Semer les graines du pillage : une situation perdante pour tous en Ukraine ( Rappel)
De : https://www.globalresearch.ca/sowing-seeds-plunder-lose-lose-situation-ukraine/5818851
[Cet article a été publié pour la première fois par GR en mai 2023.]
C'est une situation perdant-perdant pour les Ukrainiens. Alors qu'ils se démènent pour défendre leurs terres, les institutions financières soutiennent insidieusement la consolidation des terres agricoles par les oligarques et les intérêts financiers occidentaux.
C'est ce qu'affirme Frédéric Mousseau , directeur des politiques de l'Oakland Institute, un groupe de réflexion indépendant.
Selon les sources, entre 100 000 et 300 000 soldats ukrainiens (voire plus) ont péri durant le conflit avec la Russie.
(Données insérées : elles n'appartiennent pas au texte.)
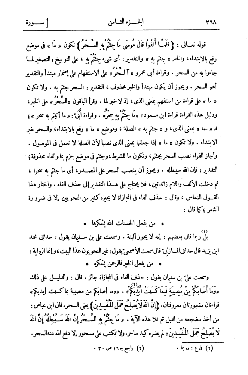 وَسَمِعْتُ عَلِيَّ بْنَ سُلَيْمَانَ يَقُولُ: حَذْفُ الْفَاءِ فِي الْمُجَازَاةِ جَائِزٌ. قَالَ: وَالدَّلِيلُ عَلَى ذَلِكَ" وَما أَصابَكُمْ مِنْ مُصِيبَةٍ فَبِما كَسَبَتْ أَيْدِيكُمْ" «٢»." وَما أَصابَكُمْ مِنْ مُصِيبَةٍ فَبِما كَسَبَتْ أَيْدِيكُمْ" قِرَاءَتَانِ مَشْهُورَتَانِ مَعْرُوفَتَانِ. (إِنَّ اللَّهَ لَا يُصْلِحُ عَمَلَ الْمُفْسِدِينَ) يَعْنِي السِّحْرَ. قَالَ ابْنُ عَبَّاسٍ: مَنْ أَخَذَ مَضْجَعَهُ مِنَ اللَّيْلِ ثُمَّ تَلَا هَذِهِ الْآيَةَ. (مَا جِئْتُمْ بِهِ السِّحْرُ إِنَّ اللَّهَ سَيُبْطِلُهُ إِنَّ اللَّهَ لَا يُصْلِحُ عَمَلَ الْمُفْسِدِينَ) لَمْ يَضُرَّهُ كَيْدُ سَاحِرٍ. وَلَا تُكْتَبُ عَلَى مَسْحُورٍ إِلَّا دَفَعَ اللَّهُ عنه السحر.

Ce chiffre, bien sûr, n'inclut pas les victimes civiles.
Le récit dominant en Occident est que la Russie s'est emparée de la Crimée puis a envahi l'Ukraine. La Russie est présentée comme l'agresseur déclaré qui souhaite reprendre le contrôle de vastes pans de l'Europe.
Cependant, ce récit est faux et a été démystifié par divers commentateurs qui expliquent en profondeur comment l’Ukraine a été utilisée et manipulée dans le cadre d’une campagne géopolitique formulée par les néoconservateurs à Washington pour déstabiliser la Russie.
L’expansion de l’OTAN vers l’est, le coup d’État soutenu par les États-Unis en 2014 – suivi de huit années de bombardements des régions ethniquement russes de l’est du pays par le régime de Kiev, qui ont fait environ 14 000 morts – ont conduit à l’intervention militaire de la Russie, qui considère l’expansionnisme et le militarisme comme une menace existentielle.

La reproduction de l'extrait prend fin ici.